— Dataset records —
________

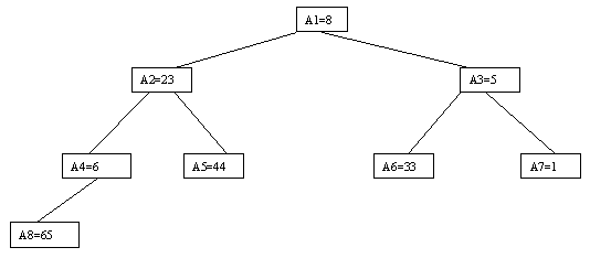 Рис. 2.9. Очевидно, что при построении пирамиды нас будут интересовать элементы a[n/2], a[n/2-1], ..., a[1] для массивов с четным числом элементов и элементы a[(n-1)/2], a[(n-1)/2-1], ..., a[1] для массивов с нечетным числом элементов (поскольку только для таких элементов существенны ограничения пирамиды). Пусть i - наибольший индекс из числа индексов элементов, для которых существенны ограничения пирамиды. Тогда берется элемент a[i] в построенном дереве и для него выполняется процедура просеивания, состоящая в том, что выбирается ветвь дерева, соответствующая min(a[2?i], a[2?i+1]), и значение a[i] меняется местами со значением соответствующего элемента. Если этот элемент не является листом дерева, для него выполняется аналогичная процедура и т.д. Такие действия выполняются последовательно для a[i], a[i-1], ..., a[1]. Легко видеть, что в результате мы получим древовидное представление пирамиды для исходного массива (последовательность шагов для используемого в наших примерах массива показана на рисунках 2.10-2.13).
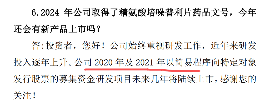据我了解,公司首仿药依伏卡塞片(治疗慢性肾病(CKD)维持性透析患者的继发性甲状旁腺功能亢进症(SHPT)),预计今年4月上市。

________

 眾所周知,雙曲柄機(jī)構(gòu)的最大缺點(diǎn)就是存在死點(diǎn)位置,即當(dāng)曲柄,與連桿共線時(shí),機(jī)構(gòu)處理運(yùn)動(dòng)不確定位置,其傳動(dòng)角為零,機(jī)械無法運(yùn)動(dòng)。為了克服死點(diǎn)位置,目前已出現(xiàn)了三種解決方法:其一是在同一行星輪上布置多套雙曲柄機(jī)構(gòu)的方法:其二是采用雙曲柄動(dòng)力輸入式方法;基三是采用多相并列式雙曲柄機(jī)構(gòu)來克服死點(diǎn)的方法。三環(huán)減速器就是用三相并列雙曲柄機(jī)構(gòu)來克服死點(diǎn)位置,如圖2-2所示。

________

— What the task asks —
Pictures in the entries do not go into the copy. Print only the lines starting at the one containing "Рис. 2.9. Очевидно, что" and ending at the one containing "据我了解,公司首仿药依伏卡塞", exactly as they appear.

— Answer to the problem —
 Рис. 2.9. Очевидно, что при построении пирамиды нас будут интересовать элементы a[n/2], a[n/2-1], ..., a[1] для массивов с четным числом элементов и элементы a[(n-1)/2], a[(n-1)/2-1], ..., a[1] для массивов с нечетным числом элементов (поскольку только для таких элементов существенны ограничения пирамиды). Пусть i - наибольший индекс из числа индексов элементов, для которых существенны ограничения пирамиды. Тогда берется элемент a[i] в построенном дереве и для него выполняется процедура просеивания, состоящая в том, что выбирается ветвь дерева, соответствующая min(a[2?i], a[2?i+1]), и значение a[i] меняется местами со значением соответствующего элемента. Если этот элемент не является листом дерева, для него выполняется аналогичная процедура и т.д. Такие действия выполняются последовательно для a[i], a[i-1], ..., a[1]. Легко видеть, что в результате мы получим древовидное представление пирамиды для исходного массива (последовательность шагов для используемого в наших примерах массива показана на рисунках 2.10-2.13).
据我了解,公司首仿药依伏卡塞片(治疗慢性肾病(CKD)维持性透析患者的继发性甲状旁腺功能亢进症(SHPT)),预计今年4月上市。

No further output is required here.